Outside it was intimated to the assembled congregation that the body
would be taken next day to the Zoshigaya Temple for the final rites of
cremation in the presence of the family. Then the university students
were dismissed by the professors with a few words, and the ceremony of
the day was at an end.
CHAPTER X
VISIT TO JAPAN
"Every dwelling in which a thinker lives certainly acquires a
sort of soul. There are Lares and Penates more subtle than
those of the antique world; these make the peace and rest of
a home."
On the 16th March, 1909, early in the morning, Mrs. Atkinson, Miss
Atkinson and myself, left Kobe, reaching Yokohama late in the evening.

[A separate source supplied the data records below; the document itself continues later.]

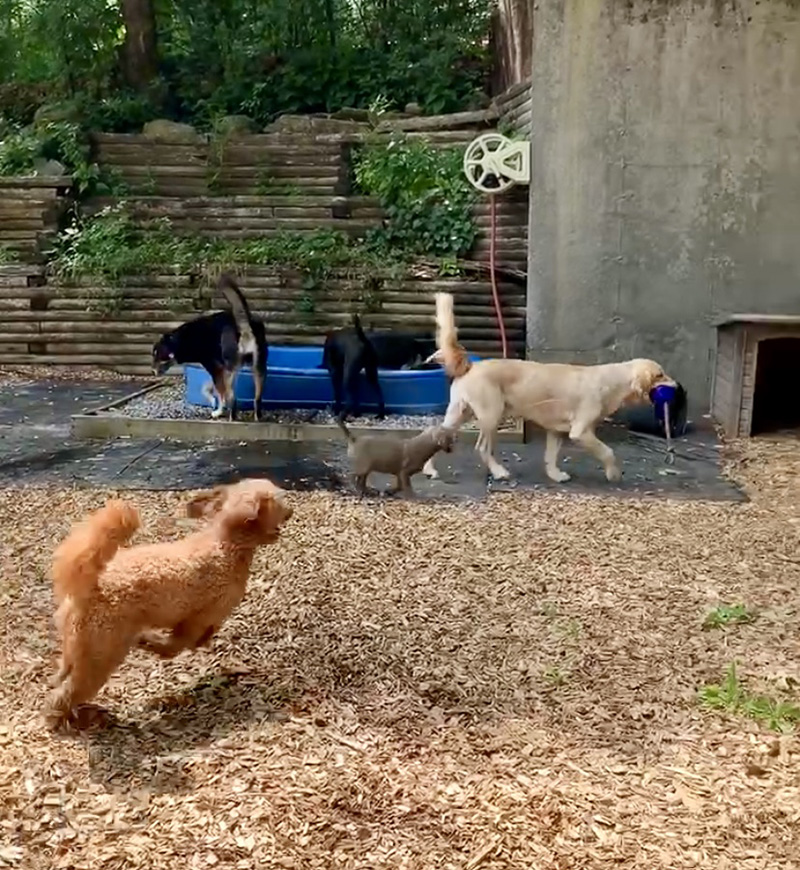 A typical puppy coming to The Bark & Call Inn has made friends with all the routine daycare dogs by the time the puppy is 5-9 months old and ready to join the larger playgroup. The transition into the larger playgroup is smooth and seamless because the puppy has already formed individual relationships with each of the dogs.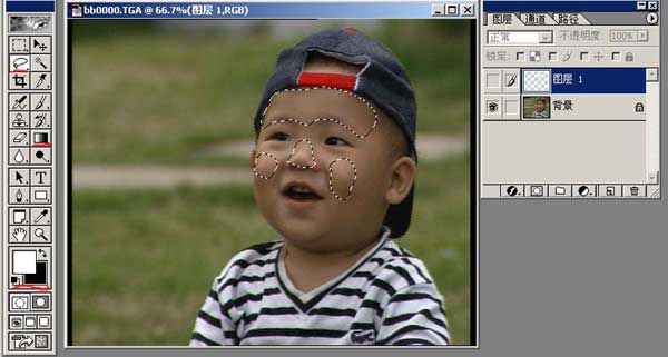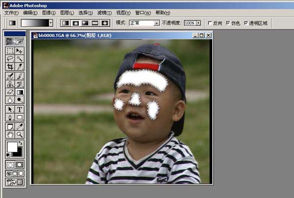 在ae中,我想displacement map应该可以实现。.要想有凸凹,那么置换的图应该是一张黑白灰图。首先我想到把这张图以luma方式选择脸部并形成黑白灰图,实践证明失败,有兴趣的朋友可以试一下,由于光的分布不是有规律的,置换出来的凸凹将会变得没有规律。因此根据上图,我用选区勾勒了面部突出的位置,用白至灰把选区进行填充,表示这里的高低过程,选区加5个像素的羽化,图如下: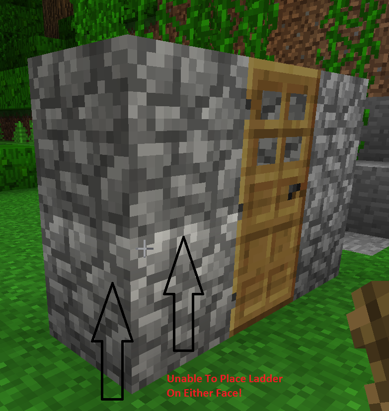 Unable to place ladder block onto a normal block(mud,cobblestone,etc..) which is next to a door (on any plane) See Screenshots.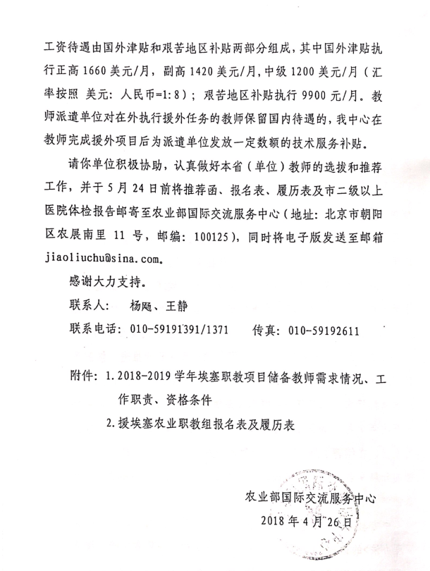 各位老师:现将农业部《关于开展埃塞农业职教项目(2018-2019学年)教师选拔的通知》转发如下,请有意申报的老师尽快与公司人事处团队科颉登科老师联系(029-87082871、029-87082970),5月18 日之前报送相关材料给人事处团队科颉登科老师。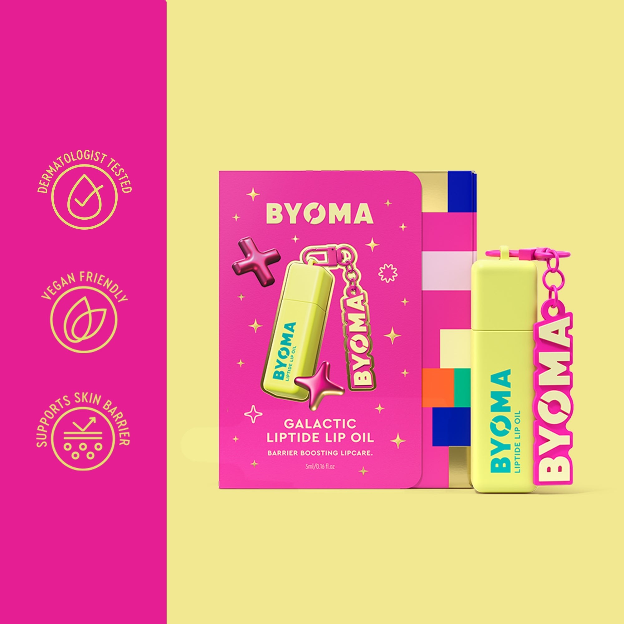 Byoma Galactic Liptide Lip Oil est une huile à lèvres brillante enrichie en actifs hydratants. Idéale pour les lèvres en quête de soin et de confort, elle combine un complexe Liptide riche en peptides, de l’huile d’avocat et de l’huile de tamanu dans une texture légère. Instantanément hydratante et confortable comme un coussin, cette formule non collante laisse les lèvres apaisées et lisses, avec un fini brillant qui peut se porter seul ou sur vos produits préférés pour un rendu multidimensionnel. Accompagnée d’un porte-clés, cette huile à lèvres peut se fixer à votre sac, vos clés ou votre ceinture, pour une hydratation pratique et à tout moment.

Mrs. Atkinson, who had written from Kobe to her half-sister-in-law,
announcing our arrival in Japan, expected to find a letter from Nishi
Okubo awaiting us at the Grand Hotel. She had not made allowance for the
red tape--the bales of red tape--that surround social as well as
official transactions in Japan.
Before we left Kobe, Mr. Robert Young had given us a letter of
introduction to Mr. W. B. Mason, Professor Basil Hall Chamberlain's
coadjutor in the editing of Murray's "Handbook to Japan," late of the
Imperial Department of Communications, also custodian of the Club
library at Yokohama, and a person, we were told, to whom every one had
recourse in a difficulty. He cast sidelights on the probable reasons for
delay in the answer to Mrs. Atkinson's letter.
To begin with, Tokyo covers an area of one hundred square miles, and,
though ostensibly modelled on English lines, the Japanese postal system
leaves much to be desired, especially in dealing with English letters;
in finding fault on this score, I wonder what a London postman would do
with letters addressed in Japanese? Mr. Mason also reminded us that Mrs.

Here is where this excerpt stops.